AR DRIVER

SPEC-02.02 · CARLSBAD STUDIO · INTERNAL · 2024

Realtime 3DOF in-car head tracking for an AR driving experience. Collaboration with the Mercedes Carlsbad Design Studio.

Mercedes Carlsbad Design Studio · 2024 · internal · no public repo

An in-car AR system for a driver wearing XReal AR glasses, registering virtual content to the world as the head moves. The interesting part is the sensor stack — no single tracker is robust enough in a moving car under varied lighting, so head pose is fused from a Zed stereo camera, an inertial unit, and MediaPipe landmarks at the same time, then handed to Unity to render the AR scene on-glasses.

Stack

XReal AR glasses: Display surface — birdbath-optic AR glasses that present a Unity render to the driver. Tethered to a host machine; the glasses are dumb optics, the work happens upstream.
Stereolabs Zed camera: Stereo vision for head-tracking + depth. Mounted in-cabin facing the driver. Gives translation and rotation at ~60 Hz with low jitter but high latency relative to the IMU.
IMU / accelerometers: Low-latency rotational deltas at hundreds of Hz.

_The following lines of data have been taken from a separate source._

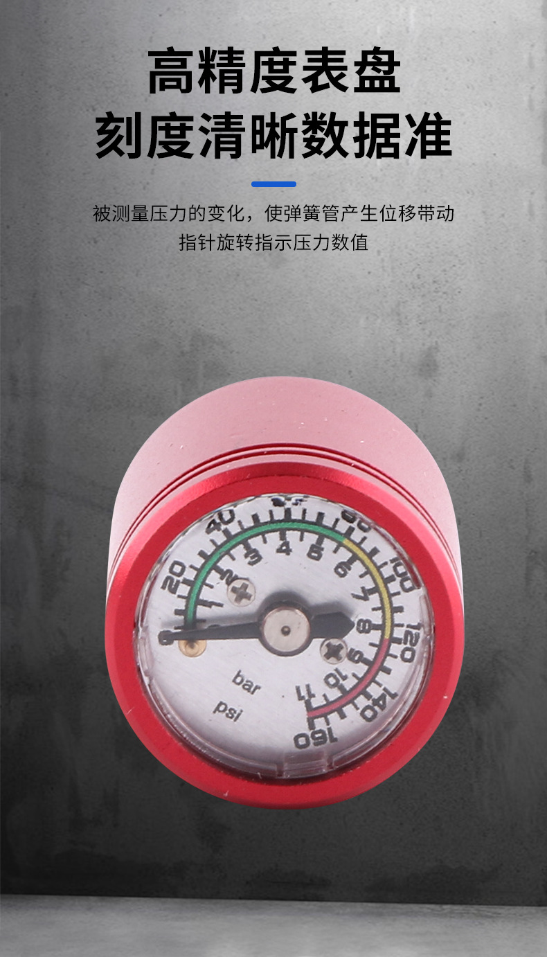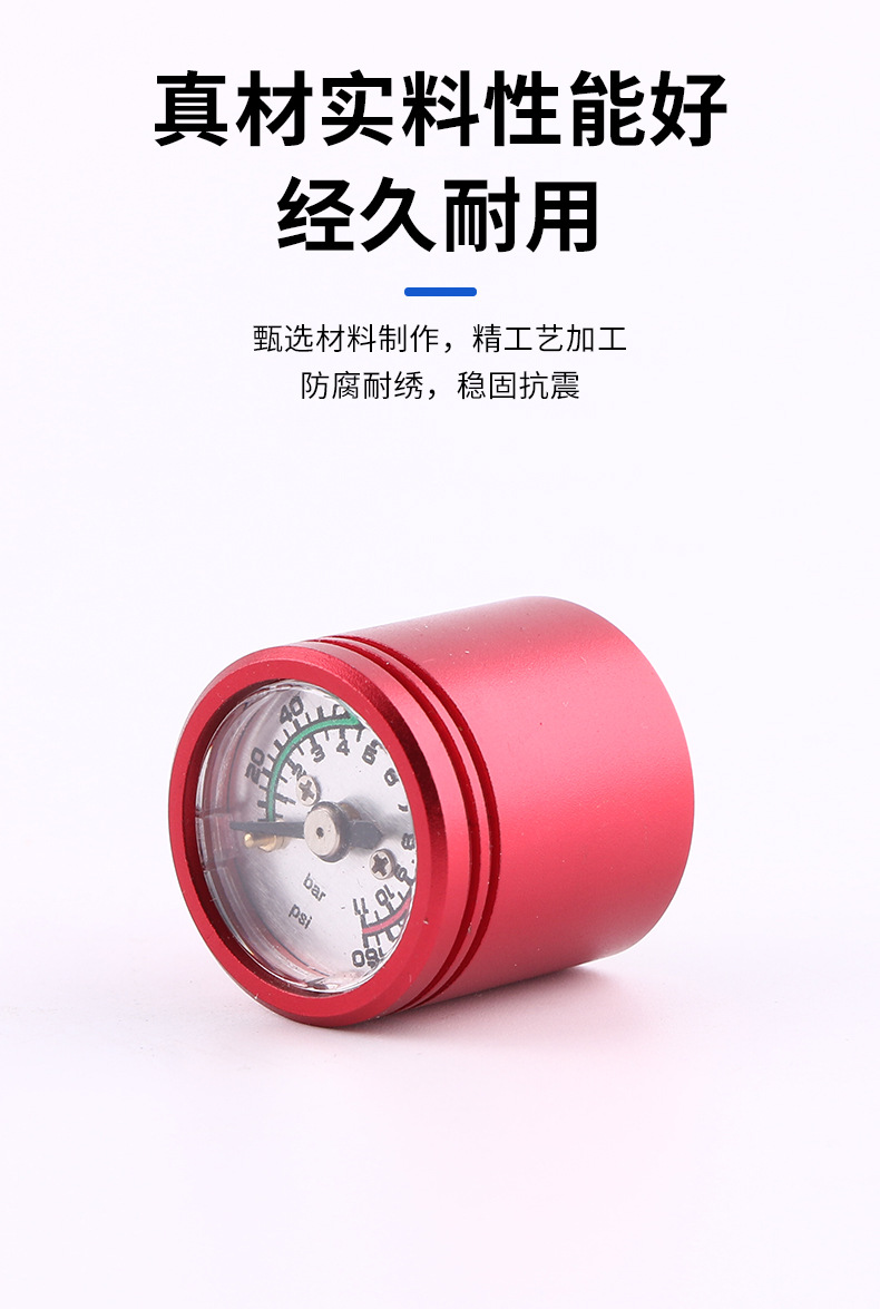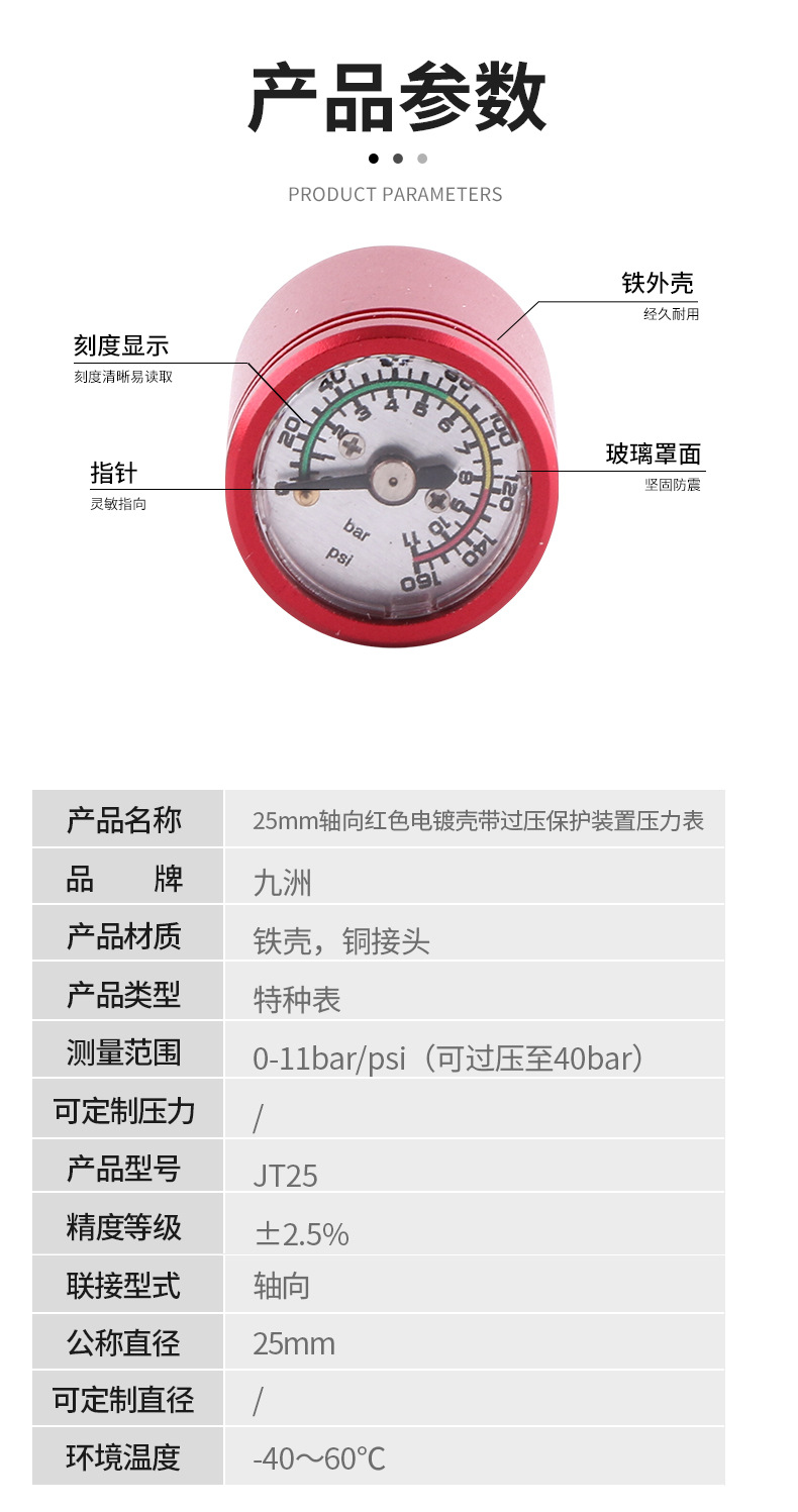Red Plated 25mm Axial Pressure Gauge with Overpressure Protection (0-11bar/psi, 40bar Overpressure) for HVAC Systems
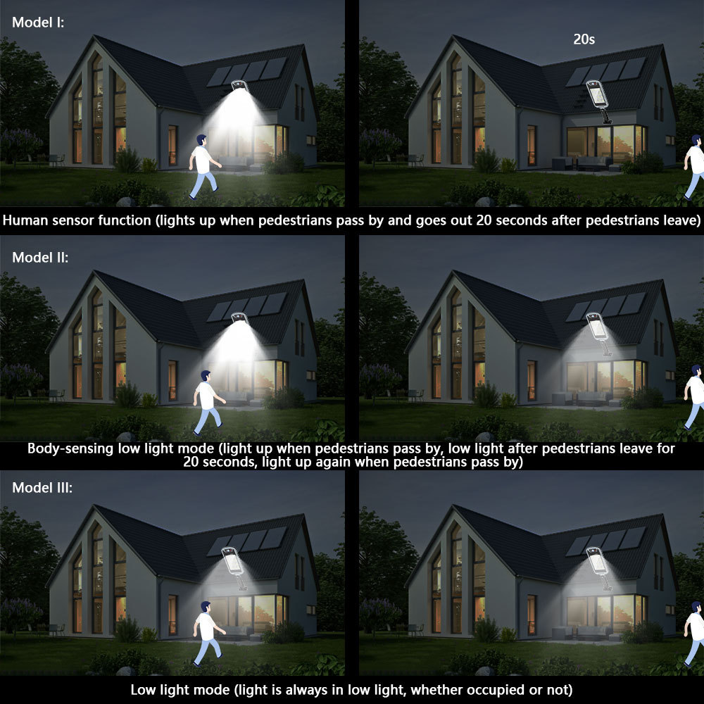 第一档 :白天充电灯不亮,夜间人来高亮,人走灯灭
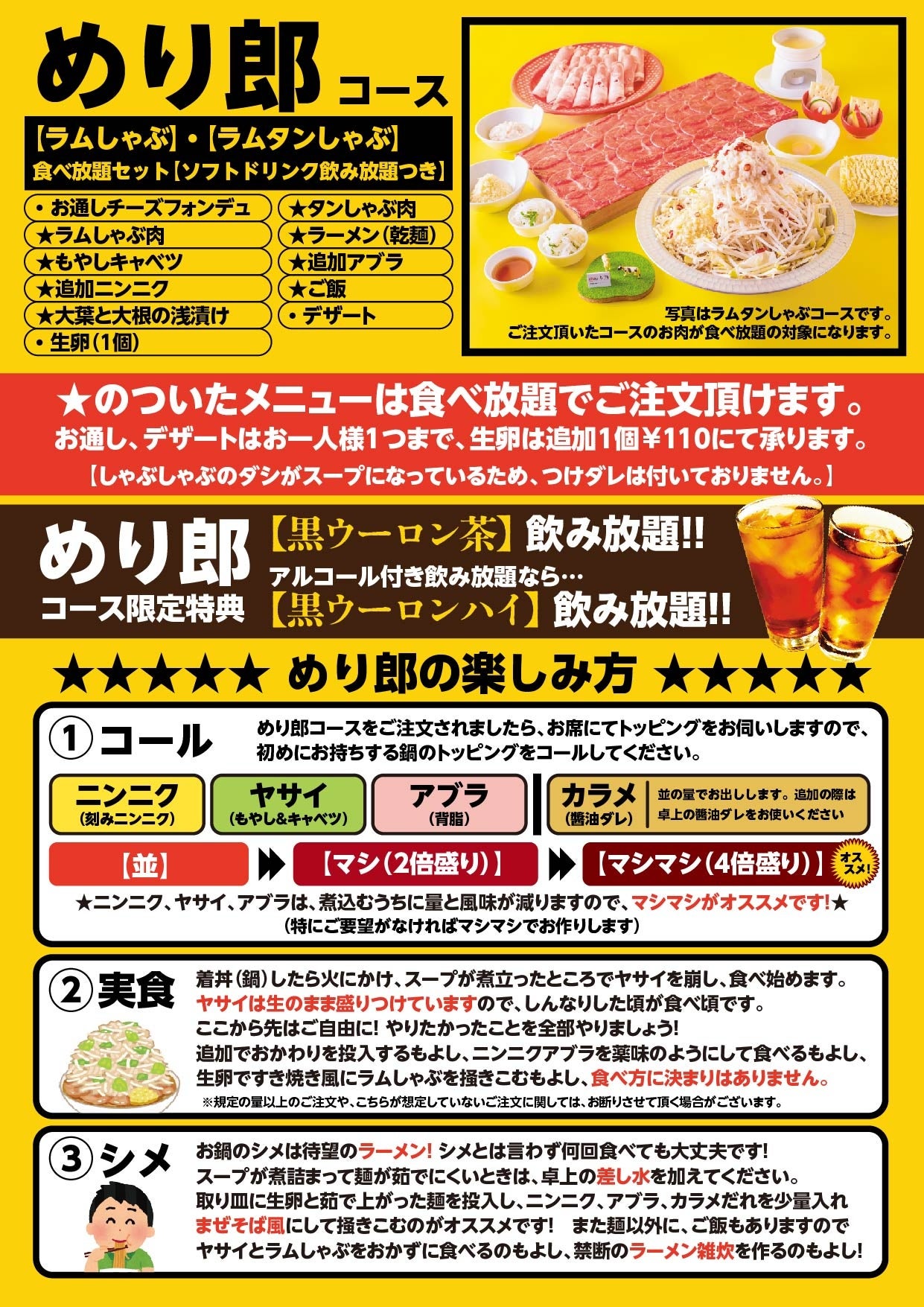 ※めり郎のみ黒ウーロン茶(黒ウーロンハイ)飲み放題!
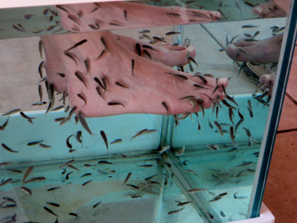 Nachdem ich an mehreren Tagen an diesen Gefässen vorbei gelaufen war, siegte dann doch meine Neugier und ich beschloss, meine Füsse mal in das Wasser zu halten. Die kleinen Fische stürzten sich darauf wie hungrige Piranhas. Das Ganze sah ziemlich komisch aus, fühlte sich aber nicht schlecht an. Nachdem ich den ersten Lachanfall wegen dieser Kitzelei unterdrückt hatte, gewöhnte ich mich an das Geknabber.
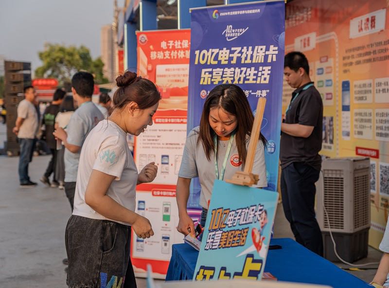 本(ben)次主(zhu)題宣(xuan)傳活(huo)動(dong)于6月27日(ri)-29日在(zai)天(tian)津市(shi)津灣廣場擧辦,集(ji)展(zhan)示(shi)、體驗(yan)、辦(ban)事(shi)、互動(dong)于(yu)一(yi)體(ti),人社(she)部(bu)門會(hui)衕相關(guān)(guan)社(she)保(bao)卡服務(wu)銀行(xing)、保險(xian)基金機構(gòu),以(yi)“電(dian)子社(she)保(bao)卡(ka)領用人(ren)數(shù)突(tu)破10億”爲契(qi)機(ji),結(jié)(jie)郃(he)“2024年全(quan)民數(shù)(shu)字素(su)養(yǎng)(yang)與(yu)技(ji)能提陞月”工作(zuo),聚(ju)焦社保(bao)卡(ka)居(ju)民(min)服(fu)務“一件事(shi)”,聯(lián)(lian)郃(he)開(kai)展政(zheng)筴業(yè)務(wu)咊數(shù)字知(zhi)識宣傳,講(jiang)述(shu)社保卡故事(shi),宣傳社(she)保卡文(wen)化,推廣社(she)??ǚ?wu),促(cu)進人(ren)人“會(hui)”用(yong)卡、人人“漲(zhang)”知識(shi)、人人“有(you)”提陞(sheng)。
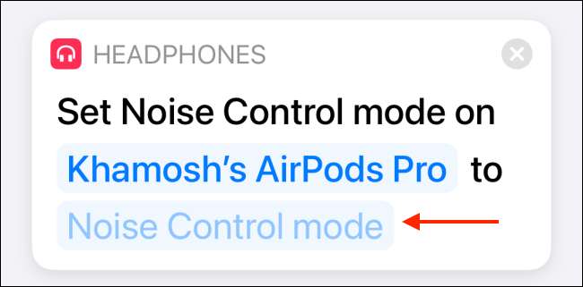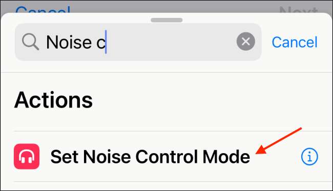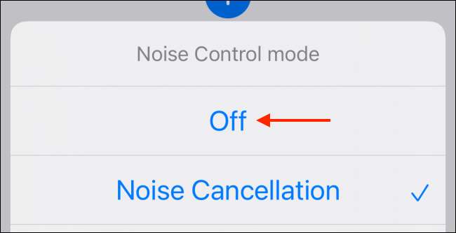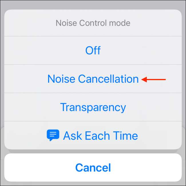 Εδώ, μπορείτε να επιλέξετε το Off, θορύβου ακύρωσης, διαφάνεια, ή ζητήστε από κάθε επιλογή χρόνου. Καθώς δημιουργείτε μια συντόμευση για την ενεργοποίηση λειτουργία ακύρωσης θορύβου, επιλέξτε την επιλογή «Ακύρωση θορύβου».

Filled in the gap between Zed frames and absorbed the perceptual latency that would otherwise show as AR content sliding behind head motion.
MediaPipe: Face landmarks for a third sanity-check signal on head pose and as a fallback when the Zed lost lock under glare or rapid motion.
Unity: Scene composition. The fused 3DOF pose drove the camera; AR content was registered against world-anchored points (windshield-fixed and cabin-fixed) so visual elements stayed locked while the driver moved their head.
Sensor fusion (complementary filter): IMU high-pass + Zed low-pass for rotation; MediaPipe as a redundancy check. Drift correction triggered when the slow signal disagreed with the fast one beyond threshold.

Process

3DOF, not 6DOF, on purpose. The brief was driver-facing AR — yaw, pitch, roll only; translation was constrained by the seat. Six-DOF was technically achievable from the Zed but added latency and failure modes we didn't need. Cutting to 3DOF let the IMU carry the fast path and reduced everything downstream.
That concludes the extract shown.